Next lexes the next token starting from the given lex state index. It automatically skips tokens from states where Skip=true (whitespace). Returns a zero-Symbol token with StartByte==EndByte at EOF.

type LookaheadIterator added in v0.6.0

type LookaheadIterator struct {
	// contains filtered or unexported fields
}

LookaheadIterator iterates over valid symbols for a given parse state. It precomputes the full set of symbols that have valid parse actions in the specified state, enabling autocomplete and error diagnostic use cases.

func NewLookaheadIterator added in v0.6.0

func NewLookaheadIterator(lang *Language, state StateID) (*LookaheadIterator, error)

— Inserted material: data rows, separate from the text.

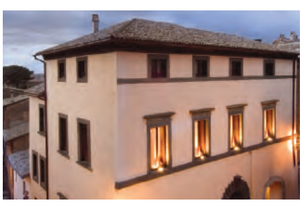
Palazzo Piccolomini, Orvieto

A charming boutique hotel in the Chianti region, Relais Villa Belpoggio boasts an authentic Tuscan style within refined landscaped gardens. Surrounded by olive groves, these gardens are characterised by pristine lawns and rose bushes, while expansive views typify the region, looking over the Pratomagno woods, the Chianti Mountains and the Arno Valley. The elegant mansion itself dates back to the 17th century and its rich history is evident in the antiques that decorate the warm and welcoming interior. Guest accommodation is certainly boutique, with each of the mere 10 guestrooms individually decorated to reflect the uniqueness of each room's dimensions. Some feature exposed stone floors and walls and others offer a distinctly Tuscan feel with terracotta floor tiles, dark wood furniture, log fires and wrought
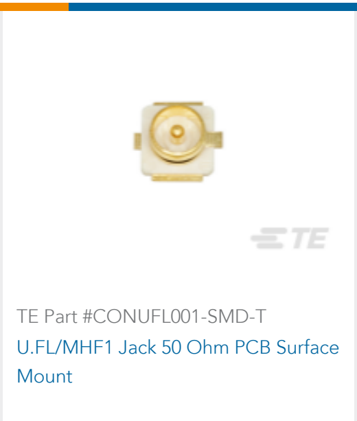
TE Part #CONUFL001-SMD-T U.FL/MHF1 Jack 50 Ohm PCB Surface Mount
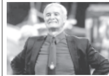
Inter head coach Claudio Ranieri

"A striker lives for a goal and not getting it does
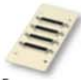
JB 9000 F Junction box for fixed installations
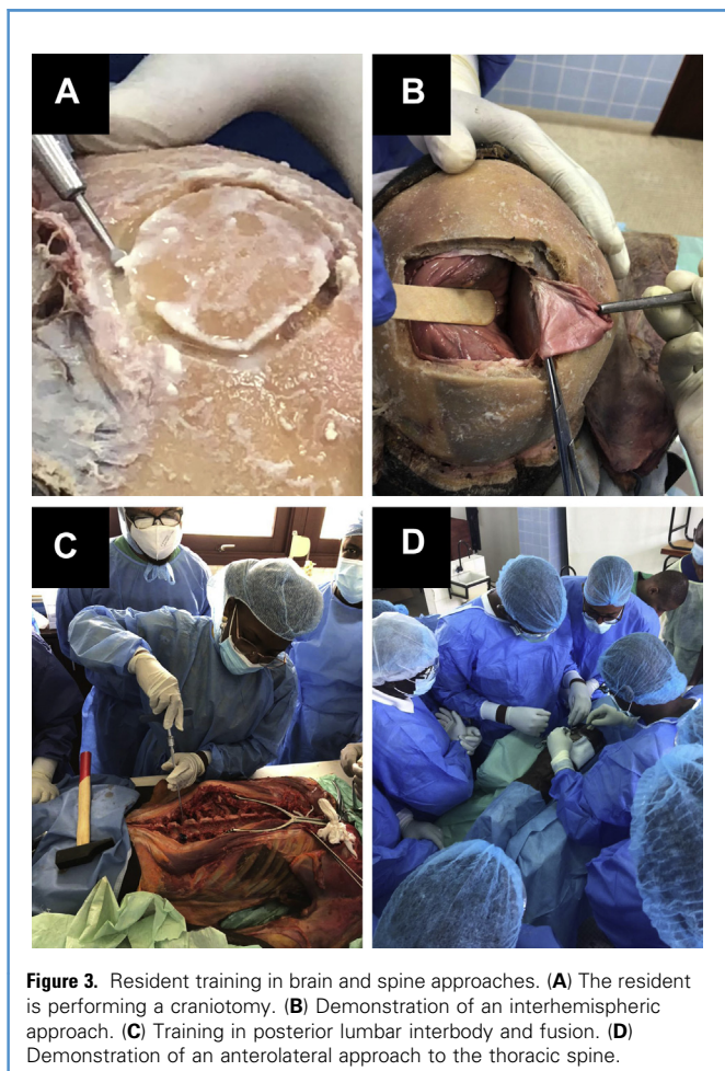
Figure 3. Resident training in brain and spine approaches. (A) The resident is performing a craniotomy. (B) Demonstration of an interhemispheric approach. (C) Training in posterior lumbar interbody and fusion. (D) Demonstration of an anterolateral approach to the thoracic spine.

patients overseas for care, and the return of foreign-trained neurosurgeons are among the factors helping efforts toward increasing the capacities and skills of African neurosurgeons. Moreover, initiatives such as Africaroo, the Foundation for International Education in Neurological Surgery, CURE Hydrocephalus and Spina Bifida, and the World Federation of Neurosurgical Societies Rabat Training Center have provided substantial support to increase the neurosurgical workforce in the continent. 8 Recently, Burkina Faso, Cameroon, and Niger started their neurosurgery residency program, increasing the number to 40 training programs in sub-Saharan Africa. 9 With these training centers, more local neurosurgeons will become available, reducing the access gap to neurosurgical care. However, this rapid expansion of training centers contrasts with the low number of dedicated cadaveric laboratories in the continent. After investigation, we identified neurosurgical laboratories in 4 countries: Egypt, Morocco, South Africa, and Cote d'Ivoire. Our country is part of the West African region, which has ~202 consultant neurosurgeons and >200 trainees spread throughout 16 local programs. 9,10 Therefore, having a neurosurgical cadaveric laboratory in this region is an undeniable asset for educational purposes.
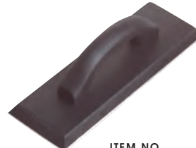
ITEM NO. 151-44P
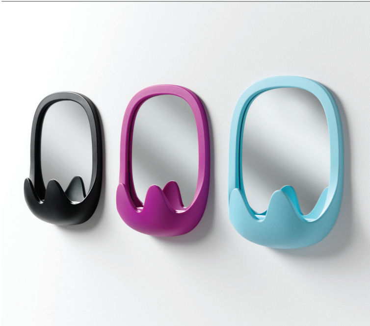
Specchio / contenitore | Mirror / container | Spiegel / Behälter Miroir / rangement | Espejo / contenedor
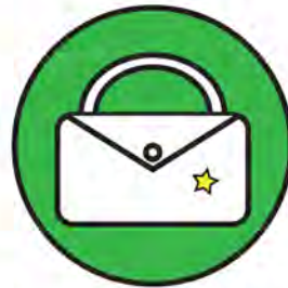
bags of all shapes
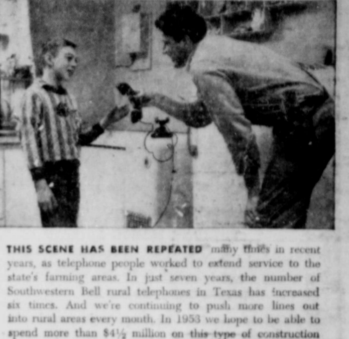
THIS SCENE HAS BEEN REPEATED many times in recent years, as telephone people worked to extend service to the state's farming areas. In just seven years, the number of Southwestern Bell rural telephones in Texas has increased six times. And we're continuing to push more lines out into rural areas every month. In 1953 we hope to be able to spend more than $4½ million on this type of construction alone. SOUTHWESTERN BELL... A TEAM OF 20,000 TEXANS... PARTNERS IN TEXAS' PROGRESS.
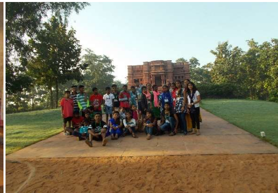
( Residential camp of students to inculcate culture of sportsmanship amongst students )
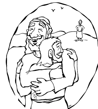
LUKE 15: 1-3, 11B-32
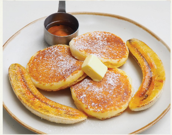
Pancakes & Banana · 280 B 🌿

Homemade buttermilk pancakes, streaky bacon, premium butter & maple syrup

NewLookaheadIterator creates an iterator over all symbols that have valid parse actions in the given state. Returns an error if the state is out of range for the language's parse tables.

func (*LookaheadIterator) CurrentSymbol added in v0.6.0

func (it *LookaheadIterator) CurrentSymbol() Symbol

CurrentSymbol returns the symbol at the current iterator position. Must be called after a successful Next().

func (*LookaheadIterator) CurrentSymbolName added in v0.6.0

func (it *LookaheadIterator) CurrentSymbolName() string

CurrentSymbolName returns the name of the symbol at the current iterator position. Returns "" if the position is invalid or the symbol has no name.

func (*LookaheadIterator) Language added in v0.6.0

func (it *LookaheadIterator) Language() *Language

Language returns the language associated with this iterator.

func (*LookaheadIterator) Next added in v0.6.0

func (it *LookaheadIterator) Next() bool

Next advances the iterator to the next valid symbol. Returns false when there are no more symbols.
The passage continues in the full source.